Correspondent's Notebook

New Delhi’s charm

6 November 2009

Australia Network’s South Asia correspondent, Michael Edwards takes a look at New Delhi and it’s preparations for next year’s Commonwealth Games.

There are big question marks over New Delhi’s ability to host next year’s Commonwealth Games.

For the most part they’ve been about the facilities. The fact that many are well behind schedule for completion has been the subject of many stories in the local Indian media.

But the other major problem facing New Delhi is less tangible. It concerns the ability of Delhiites to welcome the tens of thousands of visitors it’s expected to receive in October next year.

New Delhi has a reputation right across India and even among its own residents for being a rude and aggressive city.

Games organisers want visitors to be left with memories of the games running smoothly, hosted in a city which is almost unparalleled in its historical depth.

But it’s the less savoury things that visitors might remember from their Commonwealth Games visit.

What organisers fear is that visitors will take home memories of piles of rubbish, rickety public transport, men urinating publicly and rude taxi drivers.

Newspaper columnist Santosh Desai says the problem stems from partition.

He says then  very few people in New Delhi have a sense of ownership. Partition has made it virtually a city of refugees. And with that comes the bad manners, the spitting and the general lack of maintenance.

Santosh Desai makes for great copy.

But for the organisers of next year’s Commonwealth games, these are more than just pithy remarks.

They encapsulate what could be a major stumbling block for success.

It’s a common view amongst commentators and historians that ‘Partition’ destroyed part of Delhi’s soul.

The city may be thousands of year’s old but it’s modern incarnation began in August 1947.  The year British India was divided into India and Pakistan.
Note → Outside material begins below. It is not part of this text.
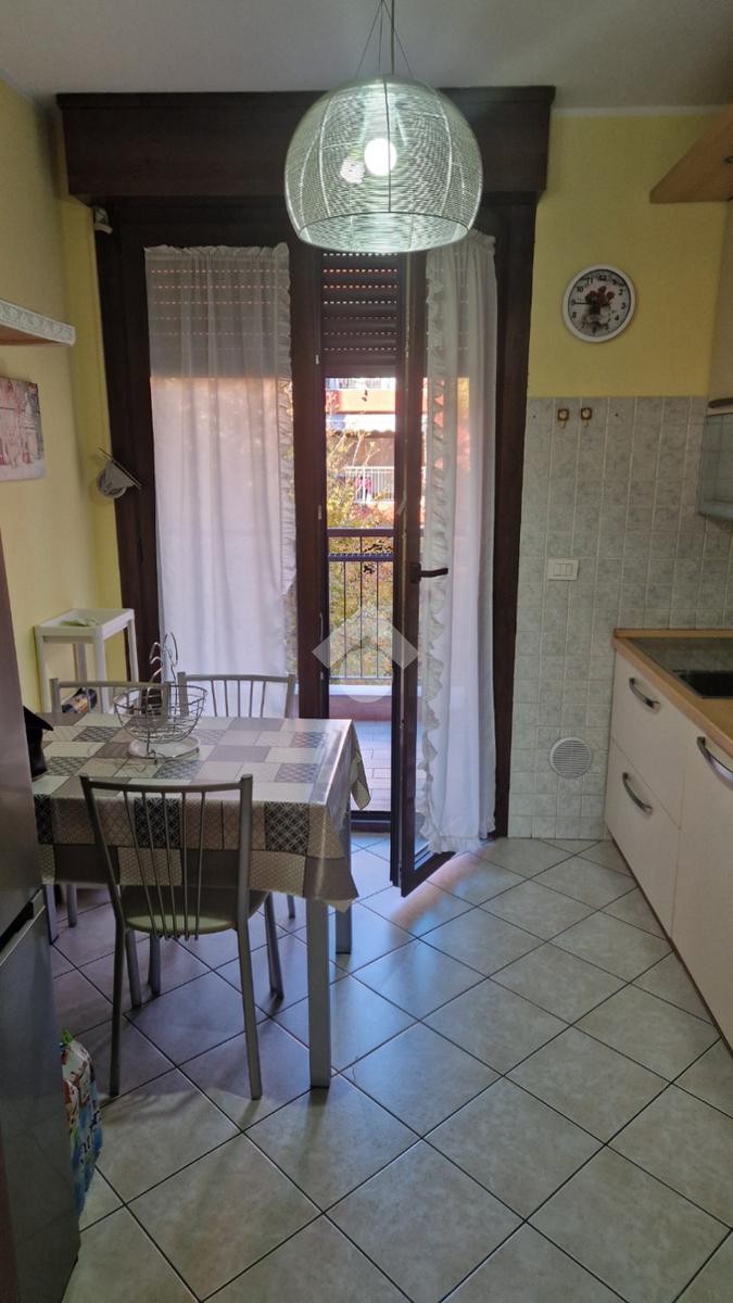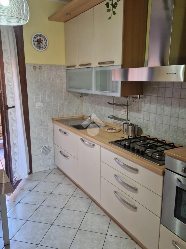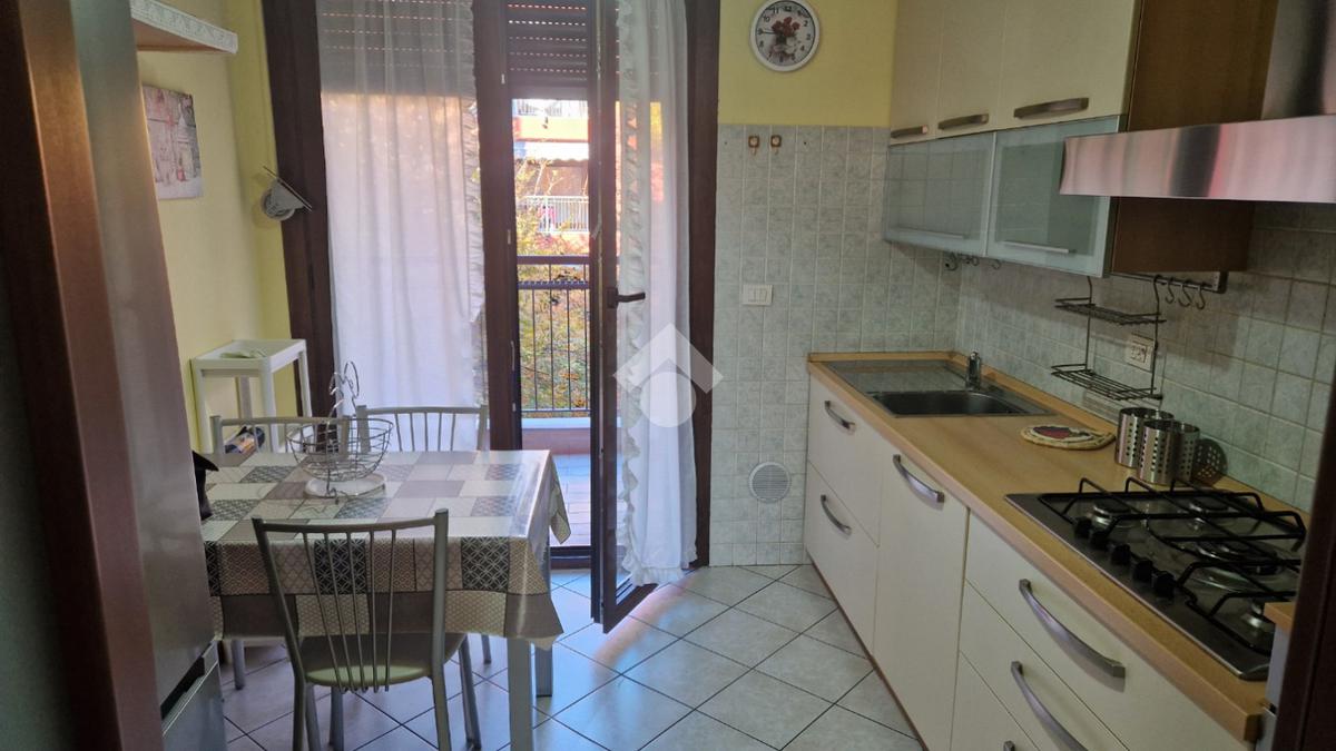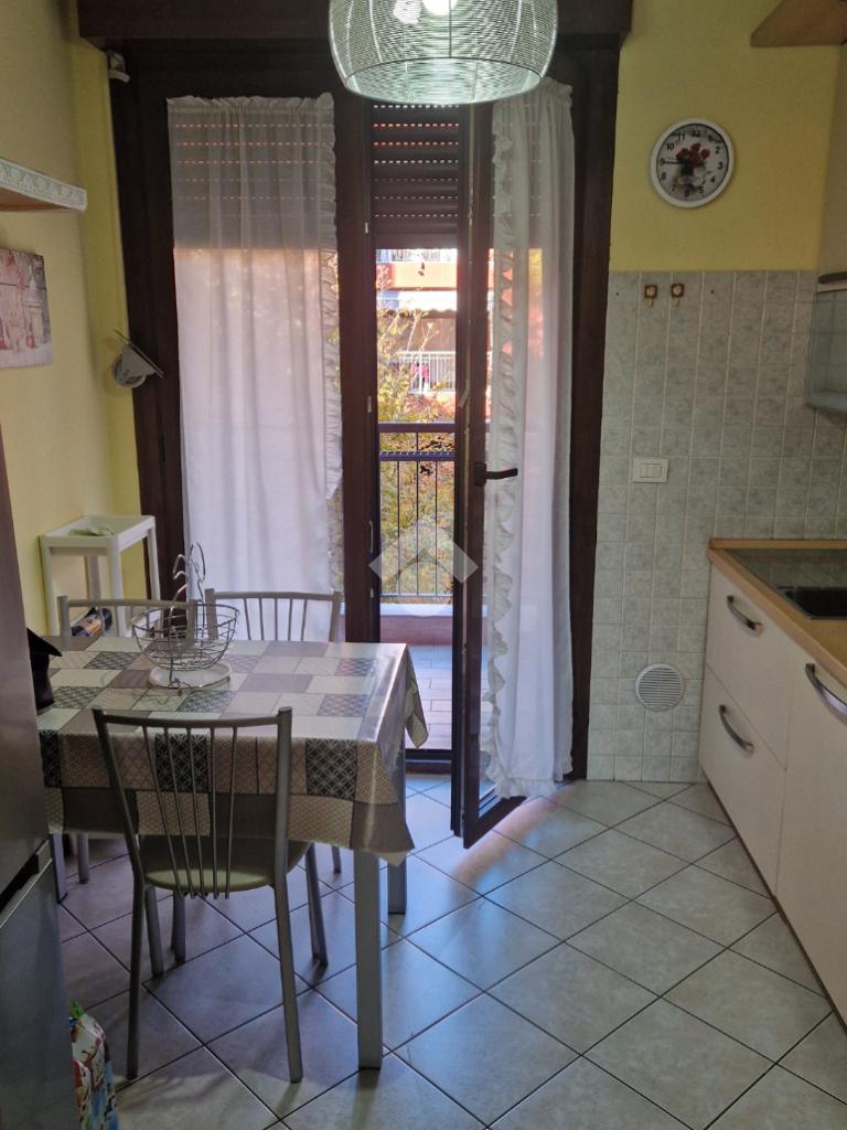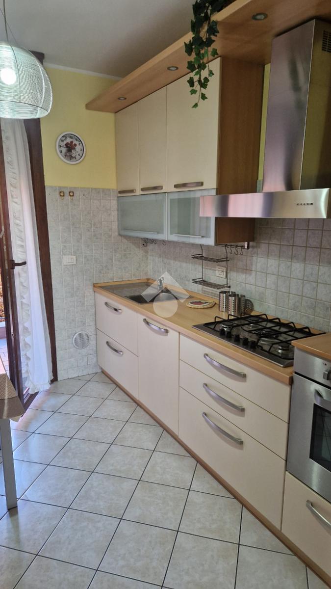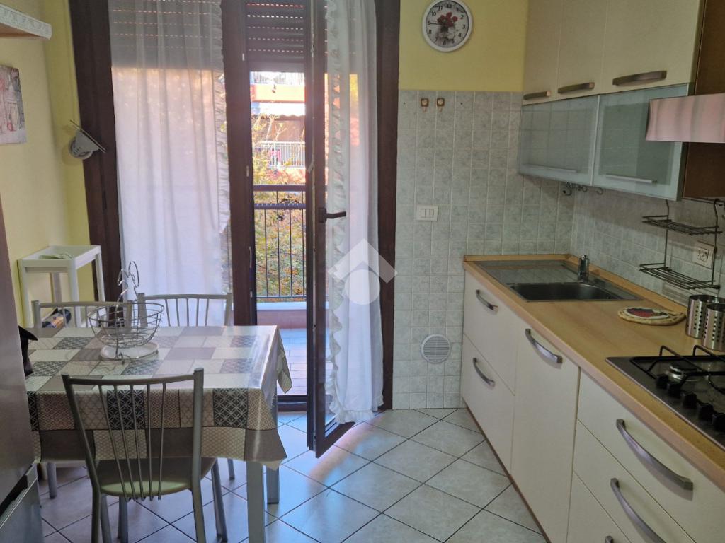 La cucina anch'essa con uscita sul balcone permette tranquillamente di pranzare in quattro persone.

During ‘Partition’ the entire social fabric of the city was virtually torn to shreds.

Most of the city’s highly educated Muslim elite moved or was moved to Pakistan.

In their place came hundreds of thousands of displaced people from regions such as the Punjab and the Sindh which are now in Pakistan.

Many say the entire social topsoil of New Delhi was almost entirely washed away.

Many of those left were poor and uneducated scraping out an existence in the rapidly decaying Old section of the city.

Santosh Desai says it’s common for Delhiites to treat the city as their rubbish bin.

From my observations even some of Delhi’s best areas are littered with filth. It’s hard to ignore the fact that this city which has a wealth of historical treasures is treated very poorly by many of its inhabitants.

Why use a bin when you’ve got the streets or a park? 

The same attitude often applies to toiletry habits.

The sound of men spitting is everywhere. And it’s not just a quick little gob. No, real men spit out torrents of paan.

And no prisoners are taken on Delhi’s roads.

I’ve seen drivers literally almost kill themselves attempting to block someone else getting into traffic.

Western women often complain about being groped I’ve seen it with my own eyes many times in Old Delhi.

If there were odds for New Delhi winning the gold medal for charm today then the bookmakers would be giving it 1000 to 1.

But the city is really trying to shorten those odds.

It has launched a range of programs. Signs urging people not to urinate in public can be seen around Delhi. People now face fines for spitting and there’s also a seemingly futile attempt to get drivers to stop honking their horns.

Asking a Delhiite to not use their car horn is like asking others to not breathe.

Delhiites are also being taught not to stare and especially not to grope.

And self-improvement courses are going through the roof. English academies report skyrocketing demand for their services. As do hospitality schools and educational institutes for trades such as beauticians and florists.

The aim is to have people ready to help showcase Delhi’s natural charms of which there are many.

What other city has been around long enough to have been rebuilt eight times? I come from Perth. It’s a big deal when they rebuilt a median strip there.

That ramshackle wall  probably housed a nobleman’s harem. The apartment block which looks like it should be pulled down, probably once home to a Mughal general.

Your taxi driver. He may have a blank stare on his face as he navigates Delhi’s crazy traffic. But get talking to him and he probably has a story about his family surviving partition that would make for an epic novel and Bollywood movie.